▶ WHAT THE TASK REQUIRES
The result should be the listing below restated word for word, with images left out.

▶ THE DATA
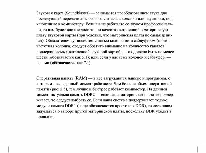 Звуковая карта (Soundblaster) — занимается преобразованием звука для последующей передачи аналогового сигнала в колонки или наушники, под-ключенные к компьютеру. Если вы не работаете со звуком профессиональ-но, то вам будет вполне достаточно качества встроенной в материнскую плату звуковой карты (при условии, что материнская плата не самая деше-вая). Обладателям аудиосистем с пятью колонками и сабвуфером (низко-частотная колонка) следует обратить внимание на количество каналов, поддерживаемых встроенной звуковой картой, — их должно быть не менее шести (обозначается как 5.1); или, если у вас семь колонок и сабвуфер, — восьми (обозначается как 7.1).
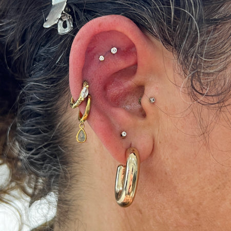 Tijdens de afspraak kijken we altijd naar de vorm van jouw oor om de beste plek te bepalen. Zo ligt de piercing mooi in lijn met je bestaande sieraden en ontstaat er een gebalanceerde uitstraling.
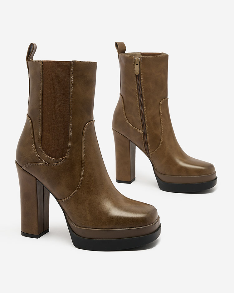 - Чоботи з квадратним носом на високій шпильці та платформі - стиль і комфорт в одному. Еластична вставка збоку та застібка-блискавка для зручності носіння. Повністю виготовлені з органічної шкіри. Ця модель додасть впевненості інформатору!

▶ TASK SOLUTION
 Звуковая карта (Soundblaster) — занимается преобразованием звука для последующей передачи аналогового сигнала в колонки или наушники, под-ключенные к компьютеру. Если вы не работаете со звуком профессиональ-но, то вам будет вполне достаточно качества встроенной в материнскую плату звуковой карты (при условии, что материнская плата не самая деше-вая). Обладателям аудиосистем с пятью колонками и сабвуфером (низко-частотная колонка) следует обратить внимание на количество каналов, поддерживаемых встроенной звуковой картой, — их должно быть не менее шести (обозначается как 5.1); или, если у вас семь колонок и сабвуфер, — восьми (обозначается как 7.1).
 Tijdens de afspraak kijken we altijd naar de vorm van jouw oor om de beste plek te bepalen. Zo ligt de piercing mooi in lijn met je bestaande sieraden en ontstaat er een gebalanceerde uitstraling.
 - Чоботи з квадратним носом на високій шпильці та платформі - стиль і комфорт в одному. Еластична вставка збоку та застібка-блискавка для зручності носіння. Повністю виготовлені з органічної шкіри. Ця модель додасть впевненості інформатору!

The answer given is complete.